Lucien caustically laughs and invites her to join him on patrol.
“Come now. I’m to patrol the southern woods today, and I’m curious about the … abilities you used to bring down my friend, whether accidental or not. It’s been a while since I encountered a human, let alone a Fae-killer. Indulge me in a hunt.”
This actually works perfectly into Feyre’s plan, since she’s now decided that maybe Lucien would talk Tamlin into releasing her since he doesn’t exactly want her around. However, Lucien immediately infers that this is why she wanted to see him and tells her that he’s “flattered you think I have that kind of sway with Tamlin” but assures her there’s “no alternative to what the Treaty demands”. So we’ll probably still have another week or so of recaps about Feyre just wanting to escape before anything else happens in the plot anyway.
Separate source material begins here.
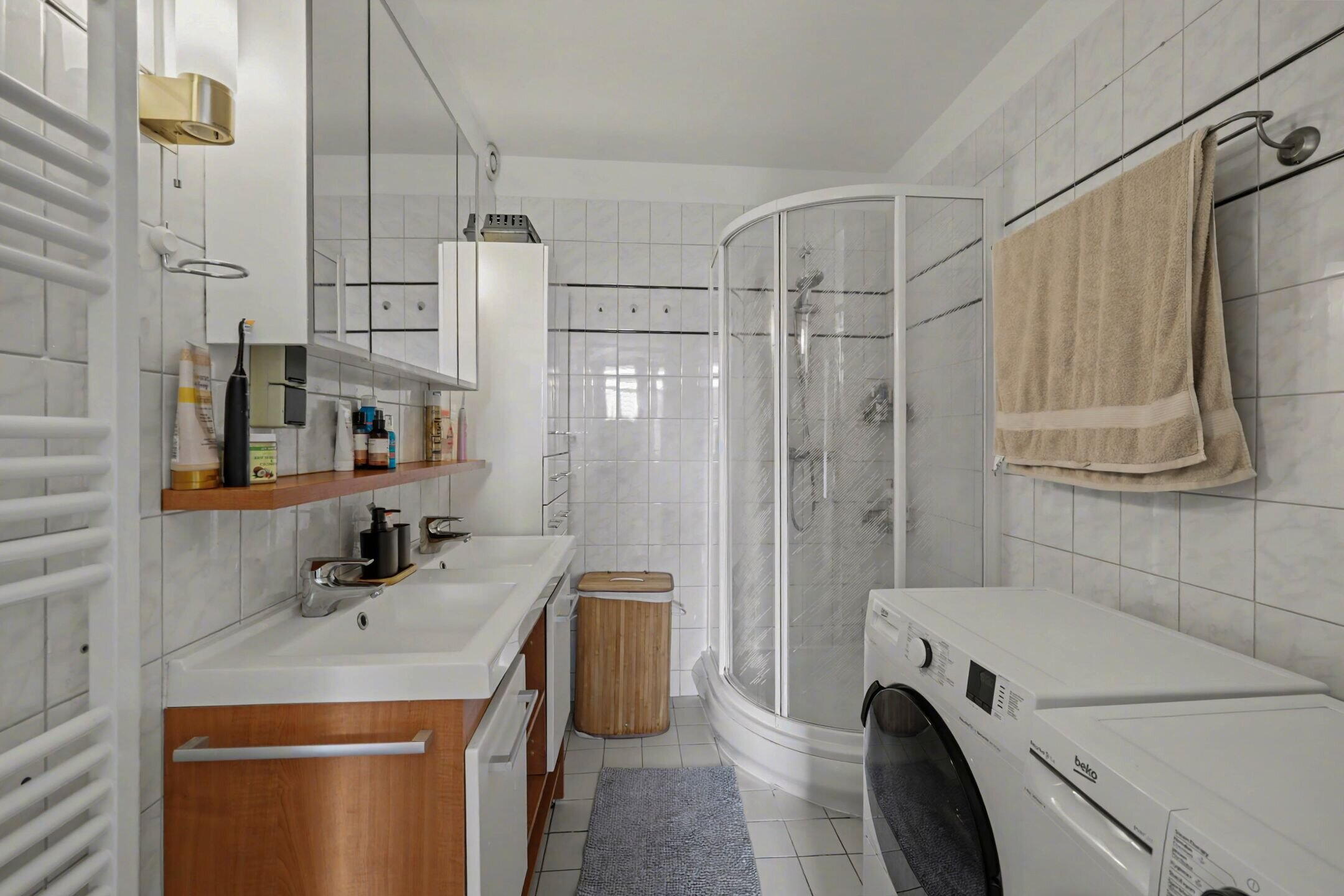 - Douche en dubbele wastafel

We learn that everyone’s masks were originally worn in honor of Tamlin’s shape-shifting magic. Thus concluding the mystery of the magic masks that has somehow been the most time-consuming mystery in the story thus far.
Chapter 10
Their patrol ends with an encounter with a creature that terrifies even Lucien, though they can thankfully avoid it by simply not looking at it. Which is harder than it sounds, as whatever it is fills Feyre’s head with a creepy voice saying things like, “I will drink your marrow” and “I will feast on your flesh” and “I will fill my belly with you”, occasionally insisting “Look at me”. Lucien is reluctant to explain what it is at first, and reluctantly explains it’s a creature called “the Bogge”.
“Why can’t I look at it?”
“Because when you look at it – when you acknowledge it – that’s when it becomes real. That’s when it can kill you.”
That’s the entire explanation, so we can probably assume that this monster is totally going to be a metaphor for one of the book’s themes. There’s actually quite a few directions this could go in with the human-faerie class and racial tensions that have popped up so far, and also with how Feyre keeps pointing out “typical faerie arrogance”, so I’m intrigued to see where this could go. Metaphor monsters are pretty fun!
Lucien sassily quips about how Feyre is boring. Feyre quips back about how he’s a prick. Lucien grins.
When they return, Lucien tells Tamlin about the Bogge and he runs off to kill it. With Tamlin still gone hours later, Feyre decides to call it a night, but not before she suddenly spies out the window a figure creeping around in the hedges… her father!
And no, I still have to look up that it’s “Feyre” and “faerie” and not “Faeyre” and “faery” or something every single time.